Records excerpted from a collection:
──────────
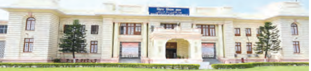
निज संवाददाता | पटना

पटना में इस साल मॉनसून में भारी बारिश के दौरान कई प्रमुख और संवेदनशील इलाके जलजमाव की चपेट में आ सकते हैं। शुक्रवार को महज आधे घंटे की बारिश ने ही राजधानी की सड़कों का हाल बेहाल कर दिया। शहर के निचले इलाकों में जहां जल जमाव ने आम जनजीवन को प्रभावित किया, वहीं प्रशासन की तैयारियों पर भी सवाल खड़े हो गए। पटना नगर निगम और बुडको द्वारा संयुक्त रूप से शहर के 33 ऐसे स्थानों की पहचान की गई है, जहां बारिश के दौरान गंभीर जलजमाव की संभावना जताई गई है। हैरानी की बात यह है कि इस सूची में विधानसभा, पटना हाई कोर्ट और जयप्रकाश नारायण अंतरराष्ट्रीय हवाई अड्डा जैसे महत्वपूर्ण और हाई-प्रोफाइल इलाके भी शामिल हैं। इसका सीधा असर आम लोगों के
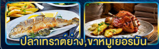
ปลาเทราต์ย่าง, ฆาหมูเยอรมัน

Season Germany Austria Czech of romance.. Slovenia Hungary
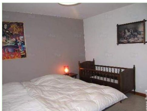
letto (i) bambino
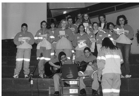
Volontari della Misericordia

menti per i turni di notte e per alcuni volontari che si sono distinti per il numero consistente di servizi espletati.
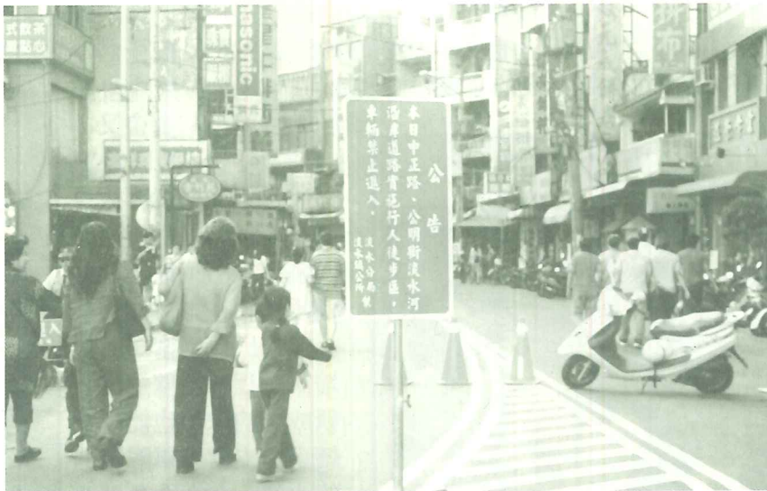
如何提升人行徒步品質將是未來規劃老街思考的重要方向。

此次「淡水老街假日行人徒步區」管制之範圍，包括中正路捷運站起至馬偕雕像、三角公園處，以及公明街、淡水河沿岸道路等；管制時間從當日上午九點至晚間八點進行，在每個出入中正路的路口均分派數名警力協助，禁止汽機車駛入；而住在老街的居民及做生意的店家車輛則需出示證明才能進出。但由於宣導及細節問題規劃未臻完整，實施的第一週部份居民便反映感到不便，也間接影響周邊的交通；而第二週實施時，因天氣晴朗，更引得眾多人群湧入老街，所幸早已調配大批警力，從早上九點起在淡水各交通要道處進行疏導，使得周邊道路及老街
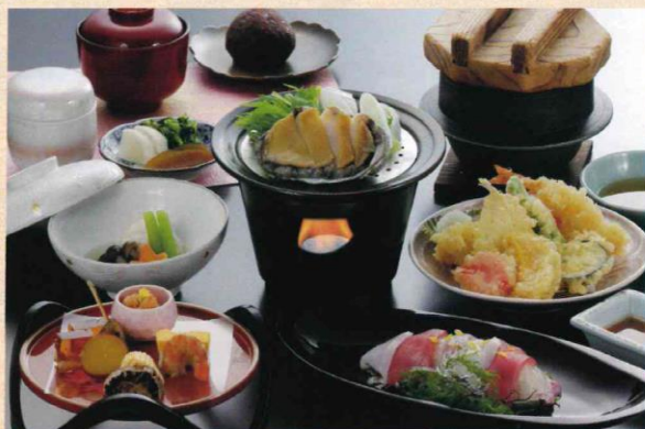
あわび会席 6,600円(税込)
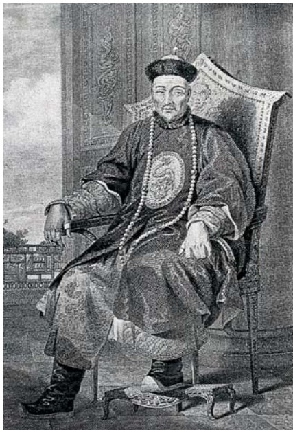
圖九 乾隆帝穿常服像，頂間所掛的珠串，形制與念珠或朝珠都不同；此圖繪於一七九七年，遜位後為太上皇的第二年。
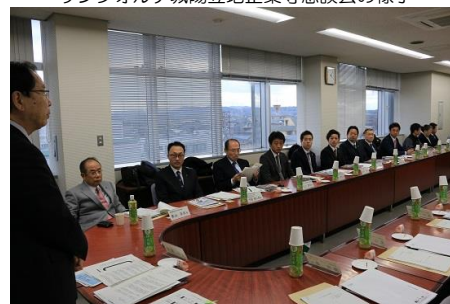
サンフォルテ城陽立地企業等懇談会の様子

出席者からは、「やり方はこれから考える必要があるが、提案には賛成である。」「情報交換の場として、このネットワークを活用していきたい。」などの意見があり、全会一致で承認されました。
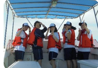
あわしまでの体験航海を楽しむS科の生徒(7/12)
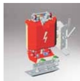
Παντογράφος για τρίτη σιδηροδρομική γραμμή, αυτό μόνωση με συντήρηση ρουλεμάν
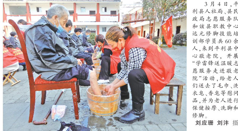
3月4日，平利县人社局、县民政局志愿服务队和该县职教中心远元修脚技能培训部学员共60余人，来到平利县中心敬老院，开展“学雷锋送温暖 志愿服务走进敬老院”活动，给老人们送去了毛巾、洗衣皂、香皂等慰问品，并为老人进行保健按摩、洗脚和修脚。
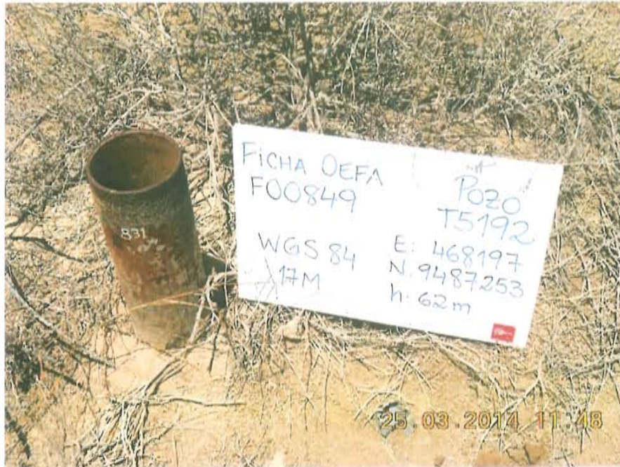
Fotografía N° 1. Vista superior del Casing de 6-pulg de diámetro, abierto, sin cabezal ni válvulas que aseguren su hermetismo.

"Año de la Promoción de la Industria Responsable y del Compromiso Climático" "Decenio de las Personas con Discapacidad en el Perú"
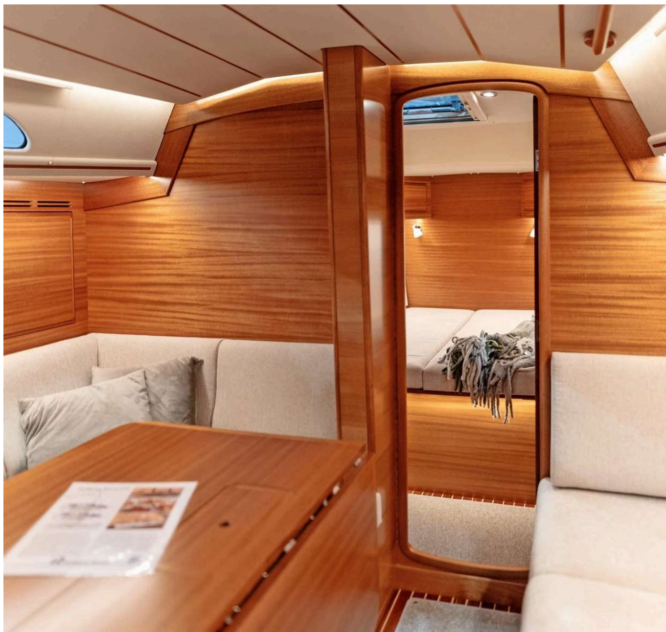
Zimmer mit Aussicht: Das eher klassisch orientierte Interieur der Hallberg-Rassy 370 Fabian Strauch

Charme einer Fahrtenyacht. Es kann mit einem Teakimitat auf Polyurethanbasis ausgekleidet werden oder mit echtem Teak, was sich natürlich im Preis niederschlägt.
──────────
# TRY IT:
Starting from the line with "Volontari della Misericordia" in the records above, repeat each line exactly until you have written the line with "Παντογράφος για τρίτη", then stop; drop the pictures.

# SOLUTION BELOW:
Volontari della Misericordia

menti per i turni di notte e per alcuni volontari che si sono distinti per il numero consistente di servizi espletati.
如何提升人行徒步品質將是未來規劃老街思考的重要方向。

此次「淡水老街假日行人徒步區」管制之範圍，包括中正路捷運站起至馬偕雕像、三角公園處，以及公明街、淡水河沿岸道路等；管制時間從當日上午九點至晚間八點進行，在每個出入中正路的路口均分派數名警力協助，禁止汽機車駛入；而住在老街的居民及做生意的店家車輛則需出示證明才能進出。但由於宣導及細節問題規劃未臻完整，實施的第一週部份居民便反映感到不便，也間接影響周邊的交通；而第二週實施時，因天氣晴朗，更引得眾多人群湧入老街，所幸早已調配大批警力，從早上九點起在淡水各交通要道處進行疏導，使得周邊道路及老街
あわび会席 6,600円(税込)
圖九 乾隆帝穿常服像，頂間所掛的珠串，形制與念珠或朝珠都不同；此圖繪於一七九七年，遜位後為太上皇的第二年。
サンフォルテ城陽立地企業等懇談会の様子

出席者からは、「やり方はこれから考える必要があるが、提案には賛成である。」「情報交換の場として、このネットワークを活用していきたい。」などの意見があり、全会一致で承認されました。
あわしまでの体験航海を楽しむS科の生徒(7/12)
Παντογράφος για τρίτη σιδηροδρομική γραμμή, αυτό μόνωση με συντήρηση ρουλεμάν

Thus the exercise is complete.